Agree, so the current options are either to use hypercall (PHYSDEVOP_setup_gsi) or to install fake IRQ handler in pciback.
So, we may need the inputs from the Maintainers on Linux side.
Hi Stefano and Juergen, what about your opinions?

> 
> Jan
Stefano Stabellini Aug. 21, 2024, 12:16 a.m.

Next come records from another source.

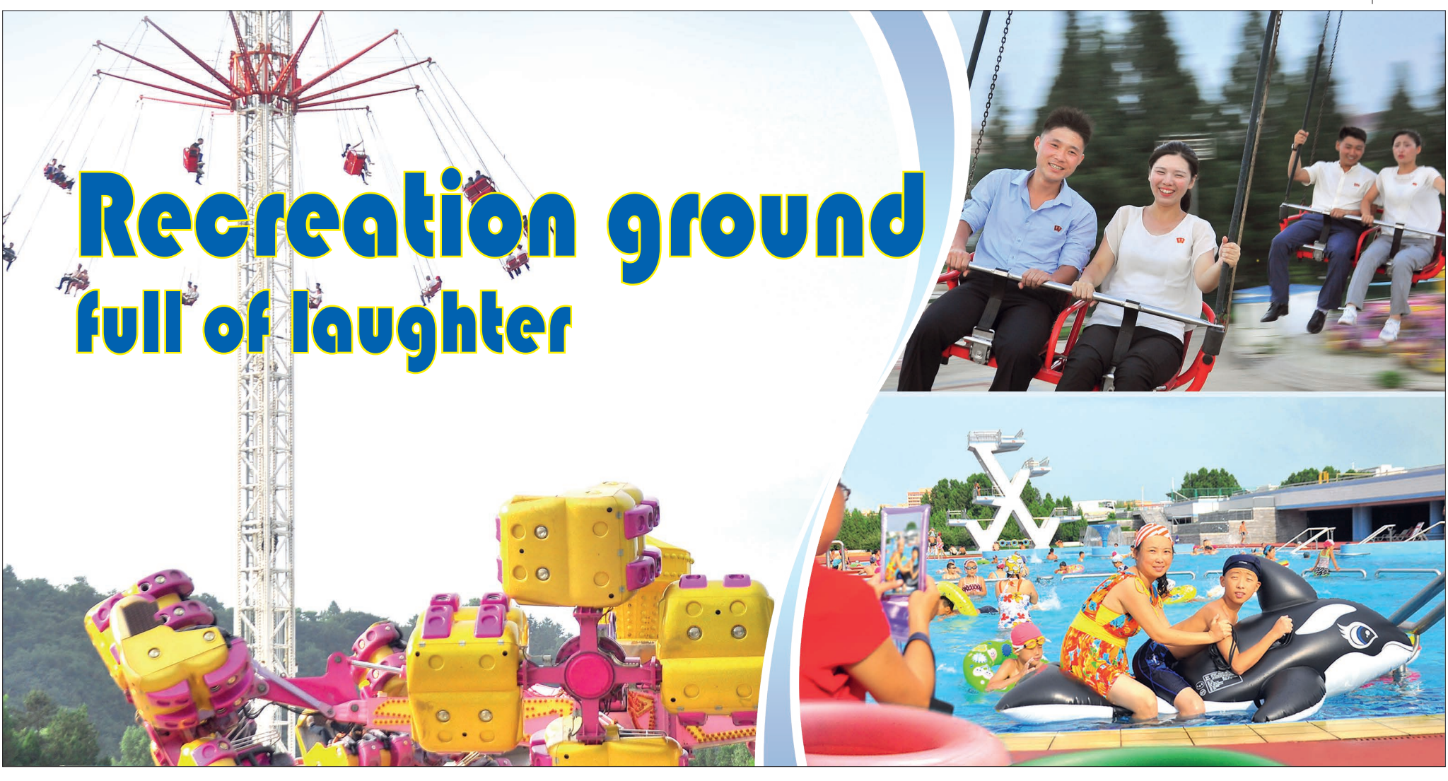
The citizens of Pyongyang have a pleasant time at the Rungna People's Recreation Ground.
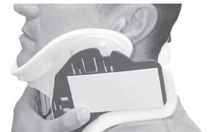
Figure 6 Seated
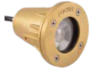
SL33L24 3w MR16 LED (36°) 40,000 hour Cast Brass Underwater Light w/15' cord
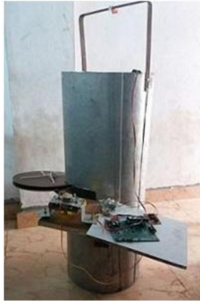
Fig 6. Bore well rescue system
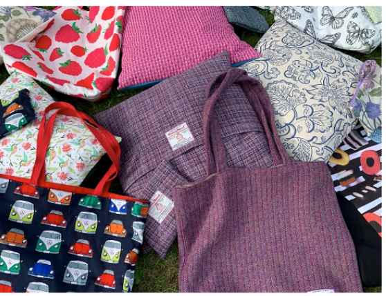
Last year's Sewing Weekend
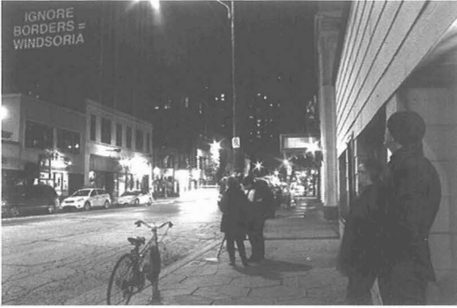
Figure 7: 100 Ways To Save A City.

that draws attention to the changing patterns at play in the environment; it raises the perception of the environment to high intensity or high definition. The Green Corridor Project draws upon the old environment of the automobile and of manufacturing as its content and pits them against the new environment of integrated and interconnected mediated spaces. In opposition to the politics of trade, security, and terror, Broken City Lab highlights the border as new kind of screen or filter, a space of dialogue, connection and imagination rather than partition and concealment. In each project, the border itself is transformed into an art form. In his conception of a “city without walls” in the electric age—a connected, fluid and continuous global sphere—McLuhan anticipates such borderless cities, an idea to which the local image of “Windsoria” gestures. By illuminating the border as a reflective space, these projects work to overcome the rupture between city, community, environment, art, and industrialization in the Windsor-Detroit area. Their common goal of achieving a “total environment” resuscitates the universality of a new humanism that emerged in post-war urban utopianism, represented by calls, such as Giedion’s, for a “dynamic equilibrium” and urged forward by urban design programmes such as CIAM.
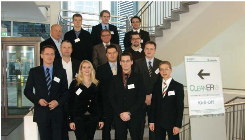
Figure 2: Members of the project team on CleanER initial meeting in Bayreuth

In January, the first meeting of the CleanER project was held and the members of the working groups set priorities, which will guarantee a successful realization of set goals. The project will be fully completed in 2013, but the most impatient users can expect first useful results in the form of verified solutions already by the end of this year.
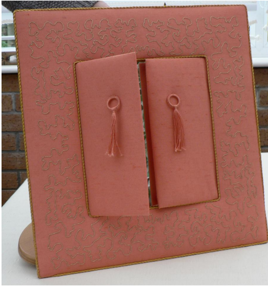
Fig.8 Mirror box in satin dupion embroidered with couched gold thread.
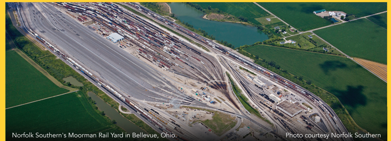
Norfolk Southern's Moorman Rail Yard in Bellevue, Ohio.

How Michael Baker built its reputation in rail yard engineering
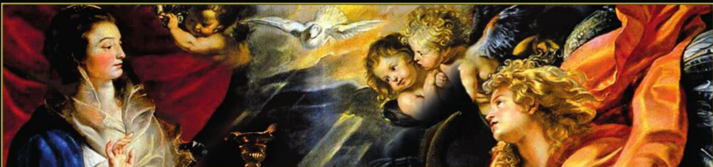
The Annunciation (1610) - Peter Paul Rubens
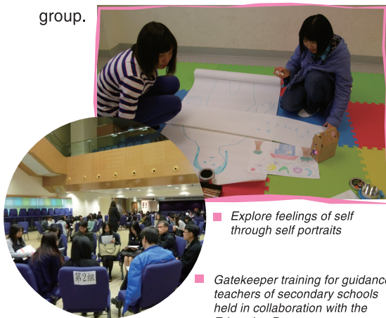
■ Explore feelings of self through self portraits

Year 2012 is the transitional period of New Senior Secondary System. Many students, parents and social workers were confused about the changes in the system. In order to assist young people to face the difficulties, Caritas social workers tried their best to render appropriate advices to the students.
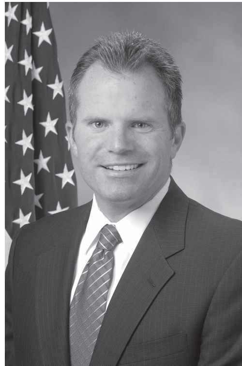
Michigan Attorney General Mike Cox

Over objections from various “immigrant rights” lobbyists and liberal legislators, in December 2007, Cox issued a formal attorney general’s opinion ending Michigan’s practice of granting driver’s licenses to illegal aliens.
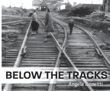
BELOW THE TRACKS

for our opening night Album Release, and Cape Breton Christmas Dinner Party. Every year I have a Cape Breton Christmas Dinner Party, where I cook up a storm of authentic Italian foods, salads, pastas, meats, poultry and desserts. This year, our dinner party had a little twist, as I released my new Album, "Below The Tracks". For the last two years, I have been working very
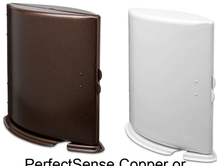
PerfectSense Copper or White Heating Chamber

We continue to live with the pandemic so we focus even more on safety & hygiene in our workplace.
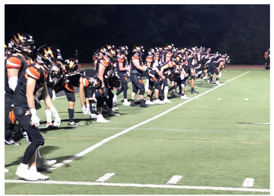
Friday Night Lights!
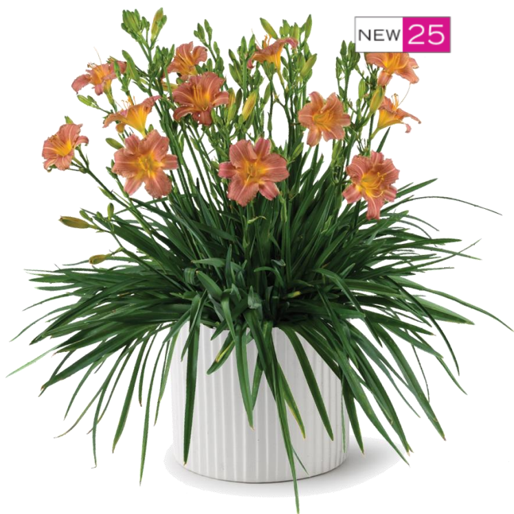
ENDLESSLILY™ Coral Imp.

UTC | #3
On Tue, 20 Aug 2024, Chen, Jiqian wrote:
> On 2024/8/19 17:16, Jan Beulich wrote:
> > On 16.08.2024 13:08, Jiqian Chen wrote:
> >> The gsi of a passthrough device must be configured for it to be
> >> able to be mapped into a hvm domU.
> >> But When dom0 is PVH, the gsis may not get registered(see below
> >> clarification), it causes the info of apic, pin and irq not be
> >> added into irq_2_pin list, and the handler of irq_desc is not set,
> >> then when passthrough a device, setting ioapic affinity and vector
> >> will fail.
> >>
> >> To fix above problem, on Linux kernel side, a new code will
> >> need to call PHYSDEVOP_setup_gsi for passthrough devices to
> >> register gsi when dom0 is PVH.
> >>
> >> So, add PHYSDEVOP_setup_gsi into hvm_physdev_op for above
> >> purpose.
> >>
> >> Clarify two questions:
> >> First, why the gsi of devices belong to PVH dom0 can work?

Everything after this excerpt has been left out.